16. The method of claim 15, additionally comprising the step of planting a plurality of peanut seed produced by selecting higher generation backcross progeny plants under conditions favorable for the growth of peanut plants and optionally comprising the step of producing peanut seed from the resulting peanut plants.

17. The peanut seed resulting from the method of claim 16, wherein, if the resulting peanut seed is grown, then the peanut plants grown from the resulting peanut seed express the desired trait, and wherein the peanut plant otherwise comprises all of the morphological and physiological characteristics of the ‘IPG 110’ peanut plant when grown under the same environmental conditions.

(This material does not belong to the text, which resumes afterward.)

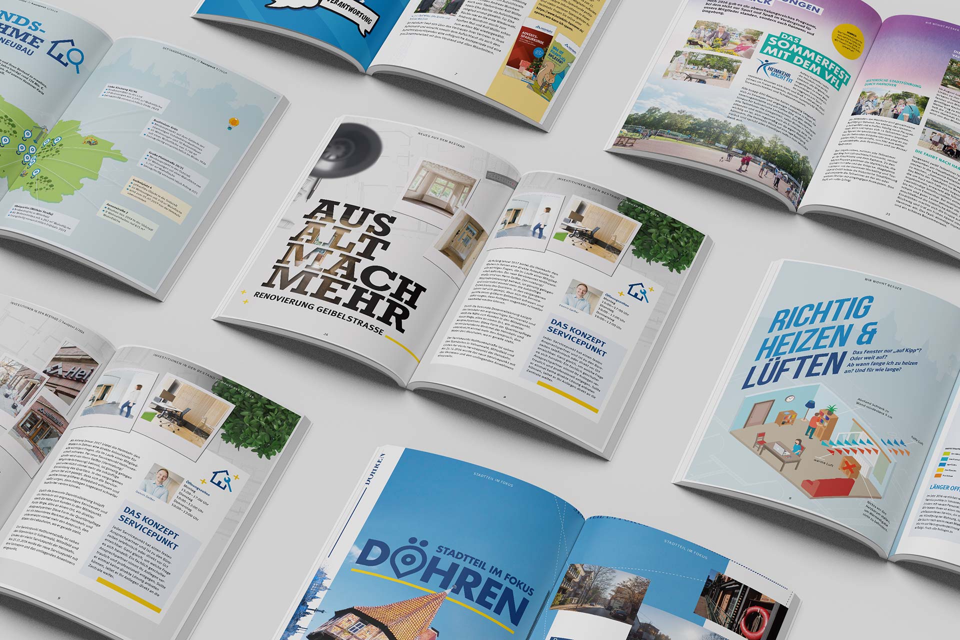 Der Gedanke dahinter Wow. Ich glaube, hier habe ich die meisten Arbeiten vorliegen. Das liegt nämlich daran, dass die Heimkehr Wohnungsgenossenschaft mein damaliger Kunde war als Art Director bei B&B. Dies ist hier eins der wenigen Projekte, wo alles final über meinen Tisch ging, damit alles wie aus einem Guss aussah, da das gesamte CD mit allem drum und dran ursprünglich von mir stammte. Das war eine schöne Zeit, da wir im Team richtig tolle Dinge entwickelt haben. Man kann sagen, dass die Heimkehr schon mein Baby war und ich mit einem weinenden und lachenden Auge mein Kind ziehen lassen musste, nachdem ich die Agentur gewechselt habe. Was wohl aus ihr geworden ist…?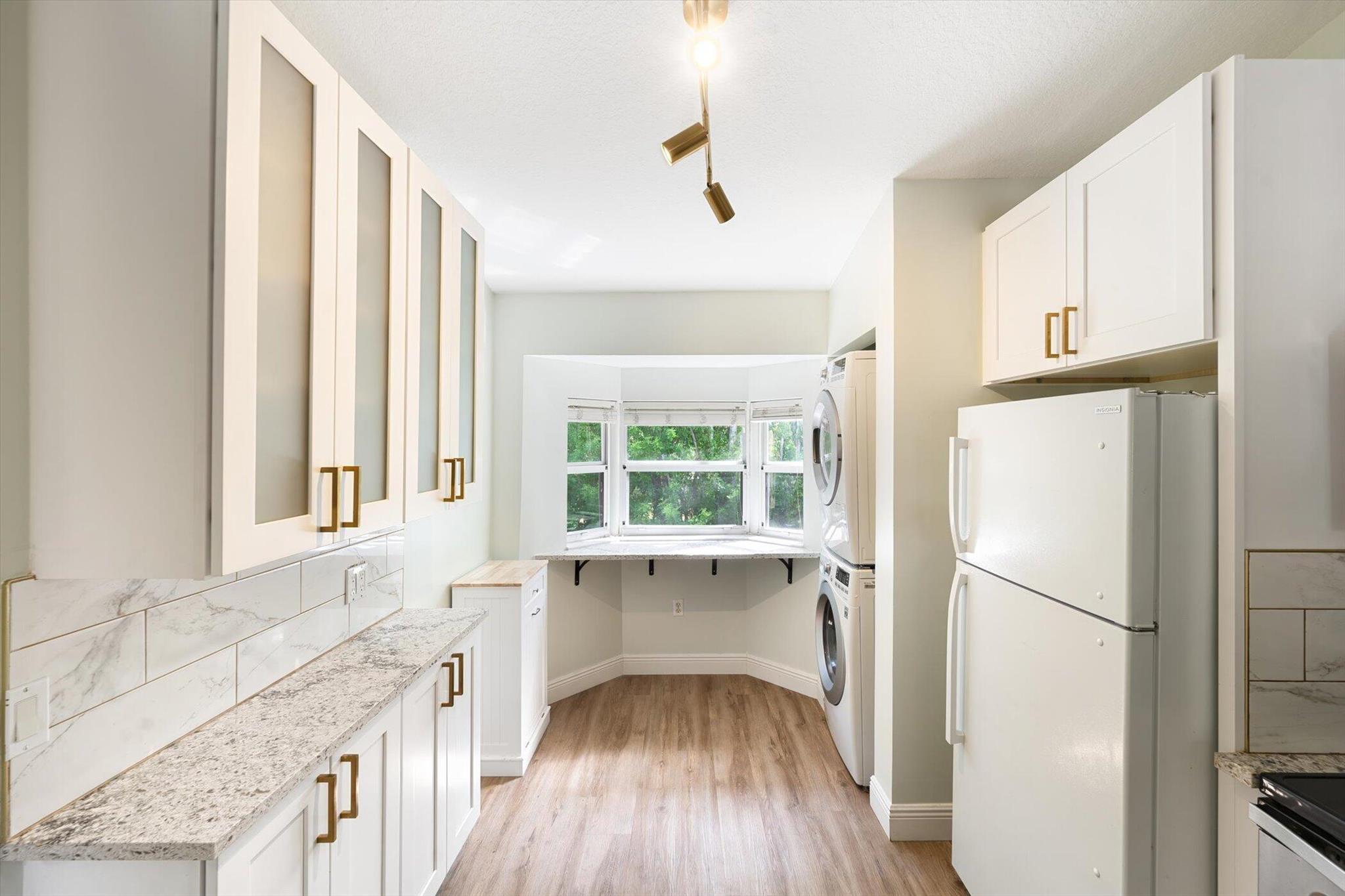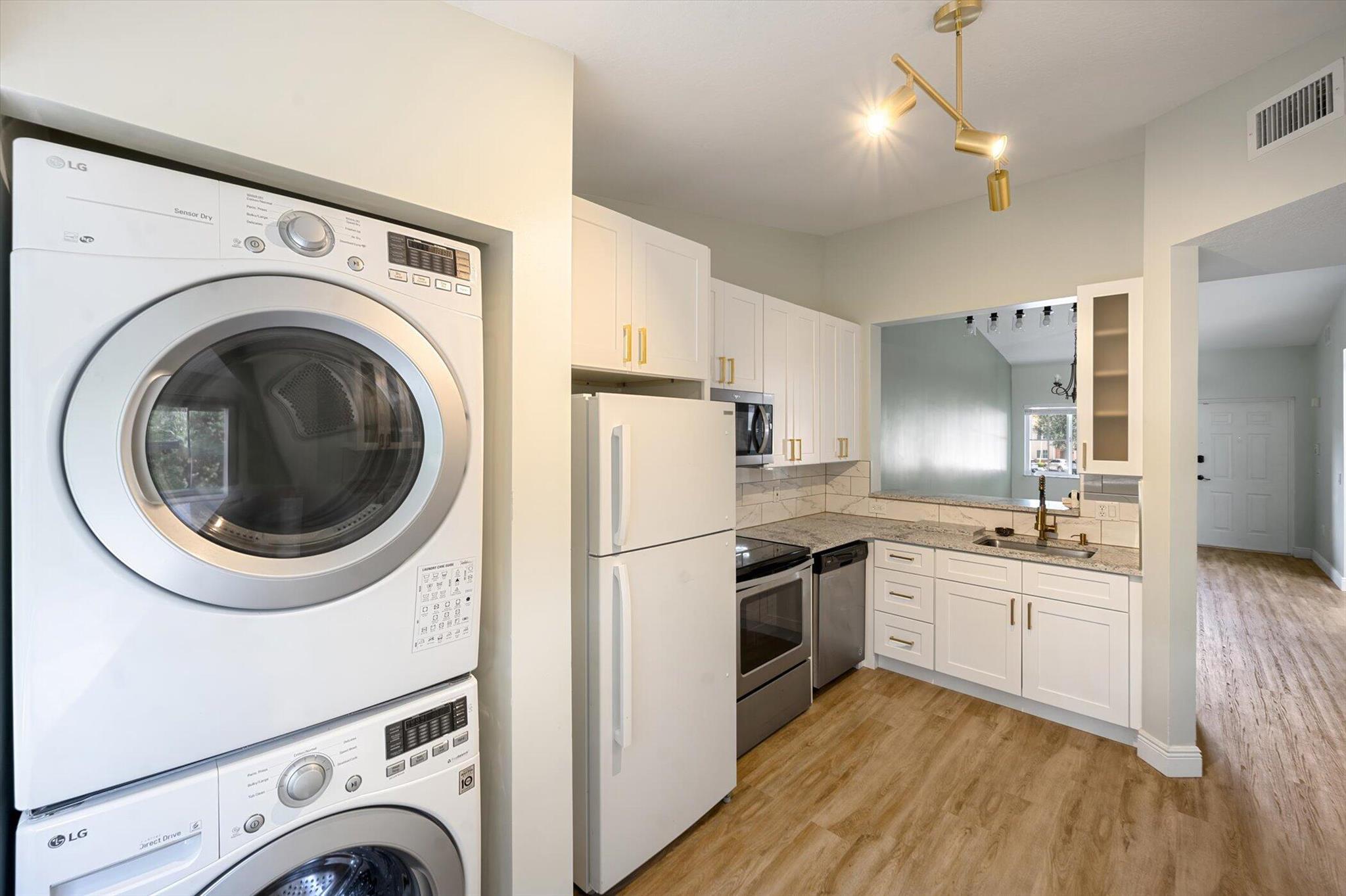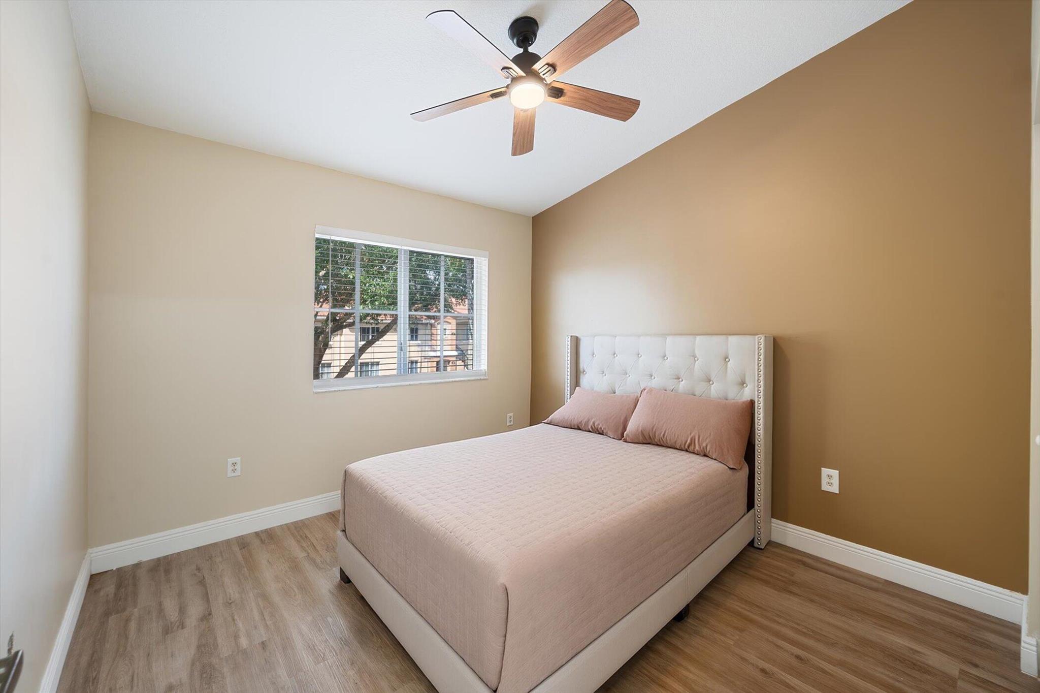 Beautifully maintained 2 bed, 2 bath 2nd floor condo in the gated community of The Cove. This freshly painted unit features brand new in unit washer and dryer, designer fans, plantation shutters, & stylish lighting throughout. Enjoy stainless steel appliances, granite kitchen counters, pot rack, & wood laminate and tile flooring-no carpet. The master bath boasts a glass shower enclosure, & both bedrooms offer ample natural light. Community amenities include a pool, tennis courts, & a short walk to schools. Just steps from the pool, this home is offered in AS IS condition & is a must-see to appreciate. Located just under 3 miles from Tanger Outlets on Palm Beach Lakes Blvd, about 3 miles to downtown's Clematis Street, & approx 4 miles from Worth Ave beach.

18. A method of producing a commodity plant product, said method comprising obtaining the seed of claim 1, or a part thereof, and producing said commodity plant product therefrom.

19. The method of claim 18, wherein the commodity plant product is selected from the group consisting of edible oil, peanut butter, roasted nuts, salted nuts, raw nuts, confectionary products, flour, livestock feed, biodiesel, fuel, mulch, manufacturing particle board, soaps, fertilizer and plastics.